# Work to complete
Give again, word for word, each line of the data from the first through the one containing "- When Bob Feretich". Pictures stay out.

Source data
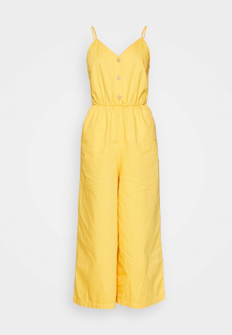 Stay effortlessly chic this Spring/Summer in the Monki Yellow Jumpsuit. This casual yet elegant piece is perfect for any occasion, whether it's a brunch with friends or a night out on the town. The bright yellow color adds a pop of sunshine to your wardrobe, while the comfortable fit ensures you stay stylish and comfortable all day long. Add this versatile jumpsuit to your collection for a versatile and fashionable look.
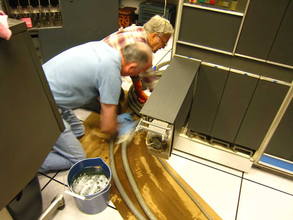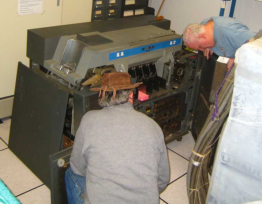 - When Bob Feretich took over the + 60 volt capacitor testing above, I wandered over to the six Connecticut 729 mod 2 tape drives, They are not very pristene!! I played with a side panel that didn't stay on. Glenn and I eventually
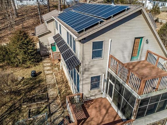 This beautiful 18-acre property is ideally situated, backing up to a 300-acre IU Nature Preserve, providing privacy and exceptional scenic views only a half mile walk to Lake Monroe. The amazing 2400 SF Cape Cod style, energy efficient home was designed for very low operating costs and a small carbon footprint. There is optimal solar orientation of the house with 17 south facing windows with summer shading provided by a solar panel awning and roof soffit over-hang. The solar panels can provide 100% of the energy needed with net metering applicable until 2047. There is a high efficiency Mitsubishi heat pump system providing heating and cooling, hybrid water heater, a wood stove, ceiling fans & an abundant number of Anderson 400 series windows which bring in plenty of natural light. [See attached documents for additional features and construction details of this home.] The main level of this home features 9 ft ceilings, hardwood floors, living room, open family & dining room area, a bedroom, full bath, and laundry/mud room. The kitchen features a tray ceiling, a breakfast bar & a built-in pantry. The family room has a Hearthstone soapstone wood stove & large windows overlooking the woods. Off the family room is a screened porch w/access to the rear deck & the backyard with a turtle & frog pond. The 2nd floor has a landing room for a small desk & walks out to the upper deck with beautiful, panoramic views. The master bedroom has a walk-in closet that opens into the shared full bath with a tub & separate shower. A large 3rd bedroom has a removable partition dividing it into 2 separate areas. A huge bonus room offers endless possibilities. The 24x24 garage has insulated 16x8 overhead doors on the front and rear of the home. The walk-in crawlspace can be used as a work room and/or as additional storage space. Hi-speed fiber optic internet & home security access through Smithville Fiber. This is a one-of-a-kind property offering an opportunity to live in a natural setting in a lovely, efficient home near Lake Monroe & Bloomington.
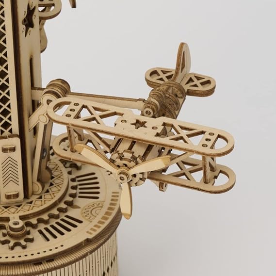 つくるんです【日本公式販売/日本語説明書付】Robotime 3D 動く!LED・オルゴール付きオルゴールウッドパズル シリーズ (コントロールタワー) a
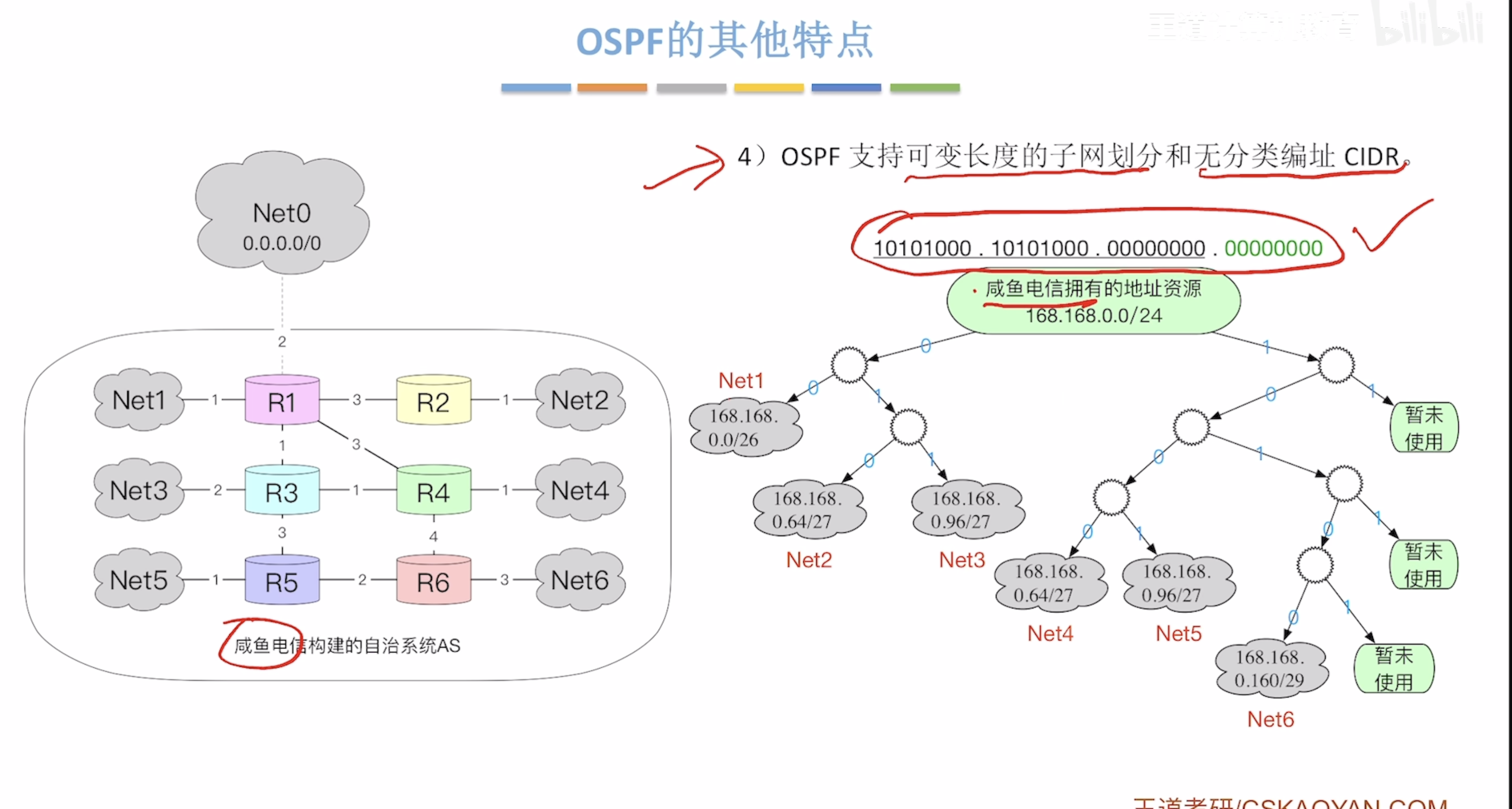 变长子网划分:在一个CIDR地址块中,划分子网时,子网号长度不固定!
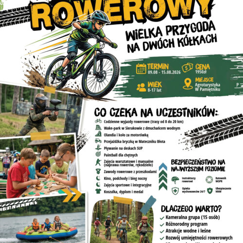 - 15.08.2026 w godzinach do 12.00 – wyjazd uczestników z Bazy Agroturystycznej W Pamiętniku((wyjazd we własnym zakresie), ostatnie świadczenie – śniadanie
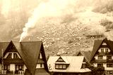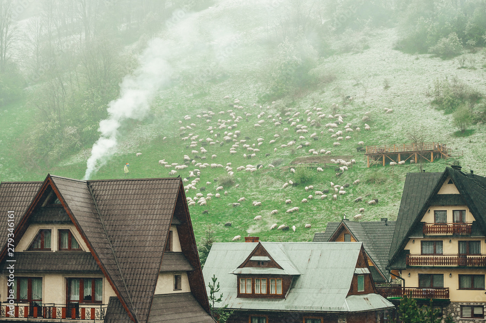 A herd of grazing sheep on distance in the Zakopane mountain village on a cloudy day. Poland.

# Written solution
 Stay effortlessly chic this Spring/Summer in the Monki Yellow Jumpsuit. This casual yet elegant piece is perfect for any occasion, whether it's a brunch with friends or a night out on the town. The bright yellow color adds a pop of sunshine to your wardrobe, while the comfortable fit ensures you stay stylish and comfortable all day long. Add this versatile jumpsuit to your collection for a versatile and fashionable look.
 - When Bob Feretich took over the + 60 volt capacitor testing above, I wandered over to the six Connecticut 729 mod 2 tape drives, They are not very pristene!! I played with a side panel that didn't stay on. Glenn and I eventually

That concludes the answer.